What is required
Drop every picture and give the entries back exactly.

Entries provided
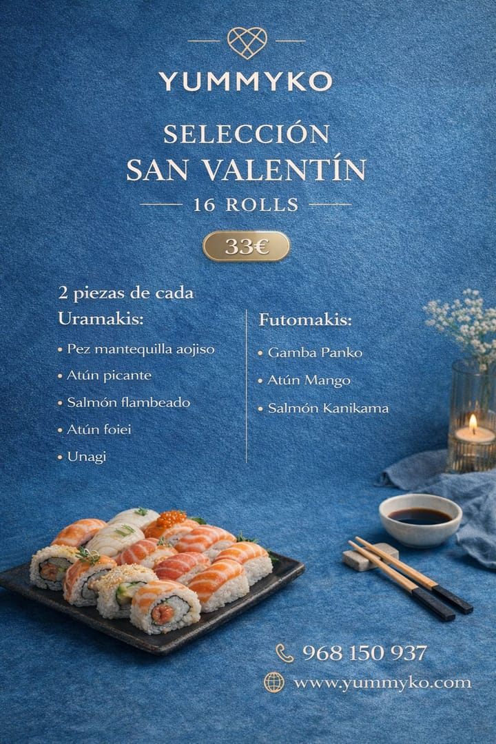 6 nigiri, 12 piezas uramaki, 8 piezas futomaki y 4 piezas hoshomaki
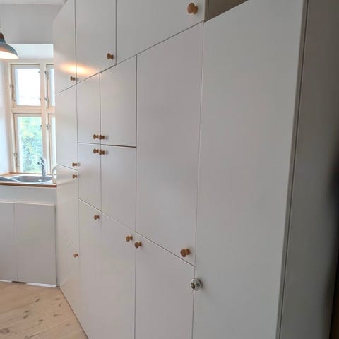 Skabet har været skruet sammen men er blevet skilt ad i to moduler så det er nemmere at få ned.
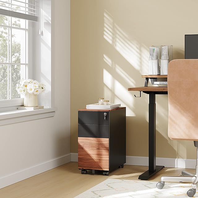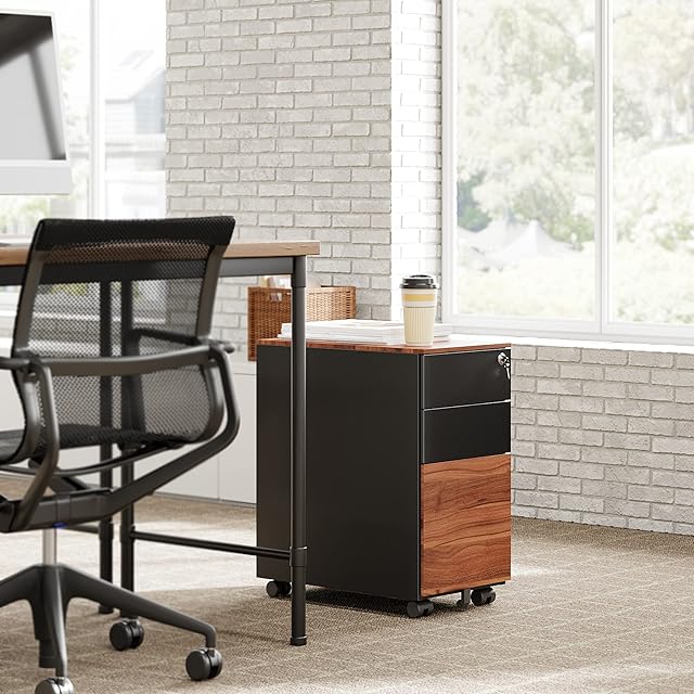 完成品 Fenge デスクワゴン スチール製 オフィスワゴン サイドワゴンキャビネット 袖机 キャスター付き 鍵付き 3段オールロック 大容量 A4対応FC303001MB
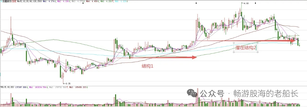股价小幅度冲高回落,日K线上影线比较长,释放了短线企稳的信号。加上近期股价在年线附近震荡,低点逐步降低,大概率是构筑阶段性底部形态。下周,股价大概率企稳回升。图中标注的结构1突破,意味着股价处在上涨趋势。潜在结构2是结构1突破后的回踩,是为了蓄势开启新的波段上涨
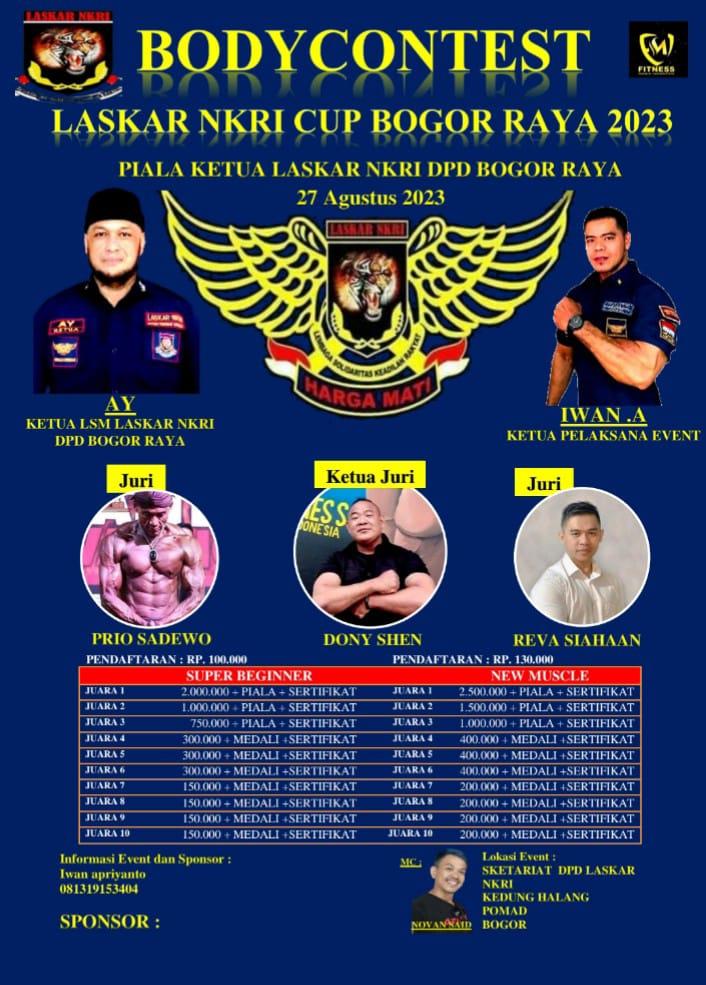 Berikut beberapa panitia pelaksana body contest. Iwan apriyanto sebagai ketua panitia. Dan untuk juri terdiri dari beberapa nama seperti. Doni shen, Reva siahaan, Arul dan Prio sadewo. Dalam acara kejuaraan ini bukan ajang saling mencari pamor atau nama beken seperti hal nya atlet nasional. akan tetapi supaya terjalin nya silaturahmi persatuan dan kesatuan yang kuat di dalam organisasi Laskar NKRI Bogor Raya ini.
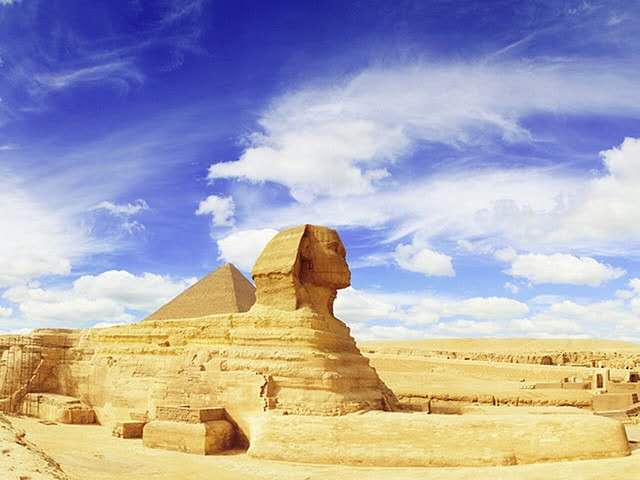如果不说金字塔是世界奇观,就不能说是到过了埃及。从开罗西行数公里,来到吉萨村前。在便屹立眼胡夫金字塔东侧,便是狮身人面像,它以诱人的魔力,吸引了各地的游客。“怪物”--斯芬克斯狮身人面像的头像,真的是以胡夫作模特儿的吗?不过比较可惜的是狮身人面像的鼻子被打破了,有损美观及协调性。
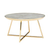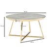Wir stellen Ihnen unseren eleganten runden Couchtisch vor, der über eine anmutige Tischplatte in Marmoroptik, stilvolle Goldbeine und ein modernes Design verfügt, das sich nahtlos in jeden Raum einfügt und Ihrem Wohnraum einen Hauch von Raffinesse und Funktionalität verleiht.
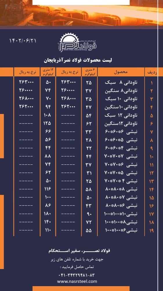 🔸 ناودانی ۸سبک:۲۶۳۰۰۰﷼ 🔸 ناودانی ۱۰سبک: ۲۶۸۰۰۰۰﷼ 🔸 ناودانی ۸سنگین : ۲۶۰۰۰۰﷼ 🔸 ناودانی ۱۰ سنگین: ۲۶۲۰۰۰﷼
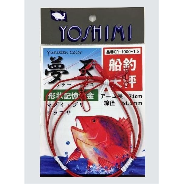 ・形状記憶合金製船釣り用L型天秤 赤色 ・線径:1.5mm 全長:1000mm アーム長:71mm ・対象魚:大ダイ、ブリ、ヒラマサ など 従来の「夢の天秤シュリンプカラー」をリニューアル。 スイベルの塗装を見直し、従来と比べ回転性能が向上し仕掛けがヨレにくくなりました。 赤色の天秤は群れの中に落としても魚が散りにくいと言われています。 魚の警戒心を和らげるカラーで釣果UPが期待できます。 (★複数在庫あります) |

Task response
 6 nigiri, 12 piezas uramaki, 8 piezas futomaki y 4 piezas hoshomaki
 Skabet har været skruet sammen men er blevet skilt ad i to moduler så det er nemmere at få ned.
 完成品 Fenge デスクワゴン スチール製 オフィスワゴン サイドワゴンキャビネット 袖机 キャスター付き 鍵付き 3段オールロック 大容量 A4対応FC303001MB
股价小幅度冲高回落,日K线上影线比较长,释放了短线企稳的信号。加上近期股价在年线附近震荡,低点逐步降低,大概率是构筑阶段性底部形态。下周,股价大概率企稳回升。图中标注的结构1突破,意味着股价处在上涨趋势。潜在结构2是结构1突破后的回踩,是为了蓄势开启新的波段上涨
 Berikut beberapa panitia pelaksana body contest. Iwan apriyanto sebagai ketua panitia. Dan untuk juri terdiri dari beberapa nama seperti. Doni shen, Reva siahaan, Arul dan Prio sadewo. Dalam acara kejuaraan ini bukan ajang saling mencari pamor atau nama beken seperti hal nya atlet nasional. akan tetapi supaya terjalin nya silaturahmi persatuan dan kesatuan yang kuat di dalam organisasi Laskar NKRI Bogor Raya ini.
如果不说金字塔是世界奇观,就不能说是到过了埃及。从开罗西行数公里,来到吉萨村前。在便屹立眼胡夫金字塔东侧,便是狮身人面像,它以诱人的魔力,吸引了各地的游客。“怪物”--斯芬克斯狮身人面像的头像,真的是以胡夫作模特儿的吗?不过比较可惜的是狮身人面像的鼻子被打破了,有损美观及协调性。
Wir stellen Ihnen unseren eleganten runden Couchtisch vor, der über eine anmutige Tischplatte in Marmoroptik, stilvolle Goldbeine und ein modernes Design verfügt, das sich nahtlos in jeden Raum einfügt und Ihrem Wohnraum einen Hauch von Raffinesse und Funktionalität verleiht.
 🔸 ناودانی ۸سبک:۲۶۳۰۰۰﷼ 🔸 ناودانی ۱۰سبک: ۲۶۸۰۰۰۰﷼ 🔸 ناودانی ۸سنگین : ۲۶۰۰۰۰﷼ 🔸 ناودانی ۱۰ سنگین: ۲۶۲۰۰۰﷼
 ・形状記憶合金製船釣り用L型天秤 赤色 ・線径:1.5mm 全長:1000mm アーム長:71mm ・対象魚:大ダイ、ブリ、ヒラマサ など 従来の「夢の天秤シュリンプカラー」をリニューアル。 スイベルの塗装を見直し、従来と比べ回転性能が向上し仕掛けがヨレにくくなりました。 赤色の天秤は群れの中に落としても魚が散りにくいと言われています。 魚の警戒心を和らげるカラーで釣果UPが期待できます。 (★複数在庫あります) |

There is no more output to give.